第2回科学技術外交シンポジウム開催
4年間の科学技術顧問活動を振り返り、
今後の在り方を考える
日本の科学技術外交をより発展させるために
セッションIIは、「これからの科学技術外交への期待」と題したパネルディスカッションに移りました。
モデレーターのGRIPS名誉教授の白石隆氏は冒頭、第4期科学技術基本計画の策定中に東日本大震災が起こり、その際の英政府首席科学顧問の対応に強い印象を受けたことから、科学技術外交を基本計画にいれたと回想。岸顧問が、期待通りに科学技術外交面で成果を出した点に謝意を表明しました。
続いて小林喜光氏(三菱ケミカルホールディングス取締役会長)が、グローバル時代における「企業の価値」について紹介。企業経営と同様、国家も三次元的な新しい尺度が必要だとして、サイエンスをベースにした日本の外交について持論を述べました。続いて、五神真氏(東京大学総長)は、世界が資本集約型から知識集約型に変わる中で、日本がどうやって知識集約型社会に転換するかが肝要だとして、Society 5.0を提唱する方向性は先進的だが取り組むスピードが遅いと指摘すると同時に、科学技術外交に必要な大学教育の在り方についても再考が必要だと訴えました。

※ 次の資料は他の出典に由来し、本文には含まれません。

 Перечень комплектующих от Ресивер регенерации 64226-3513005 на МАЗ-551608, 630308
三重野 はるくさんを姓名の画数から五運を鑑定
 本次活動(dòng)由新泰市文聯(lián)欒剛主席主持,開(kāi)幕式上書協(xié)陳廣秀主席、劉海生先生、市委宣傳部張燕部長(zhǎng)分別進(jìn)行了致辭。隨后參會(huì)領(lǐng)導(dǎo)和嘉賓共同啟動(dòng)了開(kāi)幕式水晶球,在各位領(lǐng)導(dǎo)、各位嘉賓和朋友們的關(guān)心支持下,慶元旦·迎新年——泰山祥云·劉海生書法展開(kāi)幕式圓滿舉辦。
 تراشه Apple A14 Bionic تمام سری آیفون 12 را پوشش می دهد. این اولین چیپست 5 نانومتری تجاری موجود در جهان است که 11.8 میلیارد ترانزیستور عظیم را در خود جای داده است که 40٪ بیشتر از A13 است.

また、ポール・マデン駐日英国大使の代理として出席したスー・木下駐日英国大使館公使参事官は、日英間の共同研究は質が高いと評価した上で、科学外交の三類型に沿って両国間の科学技術外交に関する課題を提示。科学技術外交は今後、さらに重要になると強調しました。濵口道成氏(科学技術振興機構(JST)理事長)は、科学技術と開発協力(ODA)を融合させたSATREPSの成果を紹介し、「科学技術外交の戦略性を議論する場」と「科学技術顧問と在外公館、現場間の堅固な連携」、「科学技術外交を支える基盤インフラの財政強化」が、国際的な課題解決に必要だと訴えました。最後に、小川尚子氏(日本経済団体連合会産業技術本部統括主幹)は、産業界が科学技術外交に期待するのは世界中から優秀な人材を集めることと、企業が単独では取り組めない国際競争を左右するグローバルなルール形成だと強調しました。
パネリストの講演を終えモデレーターの白石氏は、「エマージング・テクノロジー(新興技術)」を取り巻くあらゆる場面でレジューム変化が起こっていると総括。岸顧問による「科学外交」と「科学技術外交」は分けるべきだとの指摘に首肯し、日本の立ち位置の決め方が重要だと述べました。

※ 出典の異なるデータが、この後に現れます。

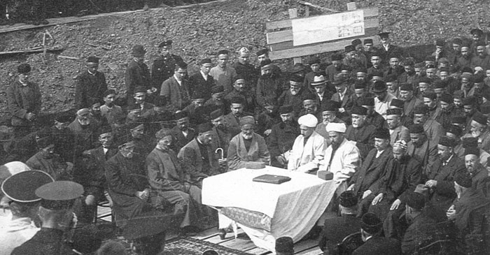 М. Ф. Соколов (второй справа) с семьей и его брат С. Соколов (второй слева) 1913 на закладке Соборной мечети в Нижнем Новгороде

最後に岸氏が、「パネリストからの話題提供が非常に充実していた。ぜひこれらを実行に移したい。大事なことは戦略を作り実行することだと肝に銘じたい」と締めくくり、シンポジウムを終えました。
*後日、2020年1月16日に、外務大臣科学技術顧問の岸氏より第2回科学技術外交シンポジウムの議論の内容をまとめた報告書が外務副大臣若宮健嗣氏に手交されました。